You know you have a problem when you walk into your bathroom find kettle one in your shower and a note you wrote yourself when drunk that says "panties at jared leto's" on your counter
dude your alot more fun to hang out around now that your addicted to coke...but seriously you need to stop
wanna get hammered and throw tomatoes at the people standing in line for the midnight showing of harry potter and yell whichcraft is evil
It's not my fault. Someone keeps buying me tequila shots. Idk who. But every time I look down there's another. I think there's a conspiracy.
Restaurants Roasting People Who Gave Them Negative Yelp Reviews (25 Pics)
Your tequila is gone. I suggest you bring more home before you go out for dinner. Money is taped to mailbox.
Yes, that was ME getting carried out of the club singing 'i believe i can fly'
Take my keys. Load me into the vehicle. Drive. Get food. Come back. These are my demands.
Hes a nice guy and all but I'm only interested in his drunken alter ego.

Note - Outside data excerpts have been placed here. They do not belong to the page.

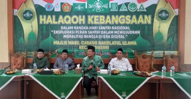 Semoga tidak berimbas di kecamatan lain dan di Wanasari dipastikan tidak ada Madin yang bubar. Oleh karena itu dalam rangka memperkuat eksistensi Madin di Brebes dibutuhkan Peraturan Daerah tentang Madrasah Diniyah. Demikian disampaikan H. Musyaffa, Lc saat menjadi narasumber dalam kegiatan Halaqoh Kebangsaan peringatan Hari Santri yang diselenggarakan oleh MWC NU Wanasari Brebes.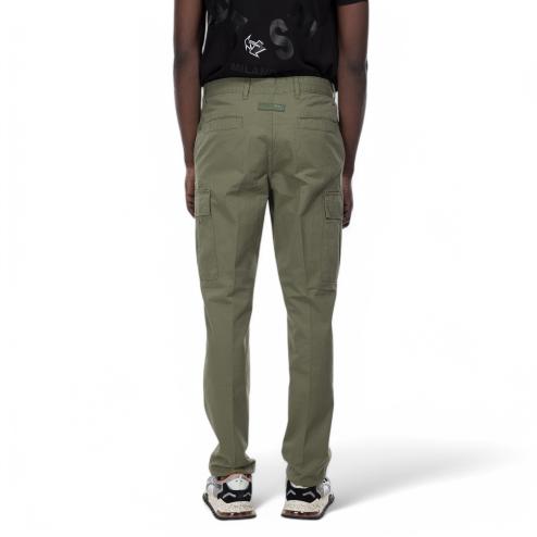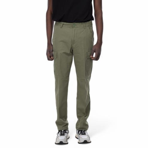 Men's trousers in cotton fabric color military green, design cargo cargo with wide side pockets that give a practical and aesthetically interesting touch. The soft leg ensures a comfortable and modern fit, perfect for those looking for a casual but stylish look. Ideal for a daily outfit that combines functionality and current trends.
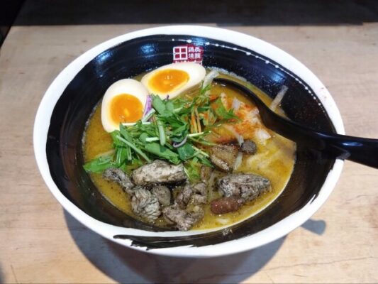 箕面市坊島にある田村家箕面店は、鶏の炭火焼きをラーメンに融合させた、全国的にも珍しい独創的な一杯を楽しめるお店です。運ばれてきた瞬間、炭火で焼かれた鶏の香ばしい香りが立ち上り、一気に食欲をそそられます。鶏の旨みがたっぷりと溶け出したスープに、香ばしい鶏肉が加わることで、他のどのお店とも違う深い味わいを生み出しています。店内はモダンで落ち着いた雰囲気があり、夜にはお酒と一緒に鶏料理を楽しむ居酒屋的な利用も可能です。場所は箕面市立病院からも近く、大通り沿いにあるため見つけやすいのもポイント。一度食べると、その独特の香ばしさと旨みの虜になるリピーターが続出しています。普通のラーメンでは満足できない、新しい味覚の体験を求めている方にぜひ訪れてほしい名店です。

I wanna send them a card but I don't think hallmark makes a "sorry your fiance and another girl blew me at the same time in a frat house but congrats!" card
Woman Posts Harassing DMs From Creep Online, Now He’s Upset Because People Told His Mom
Times have changed. Freshman year I could throw my shirt in a bonfire and still get laid. Now when I puke in my girlfriend's bed on her birthday I'm "an asshole"
"I'm not drinking any more tonight." As I dipped my quesadilla in a shot of tequila....then eats it
So I should just walk in, look him in the eye and say, "I just came to fuck your brother, nice to meet you" and just walk to your room.
Soo are you just gonna poop in my bathtub and not talk to me anymore...?
Come home... I’m drinking and playing with knives
Come over. Bring drugs. My sister is making cookies. She took Valium. They should be badass cookies.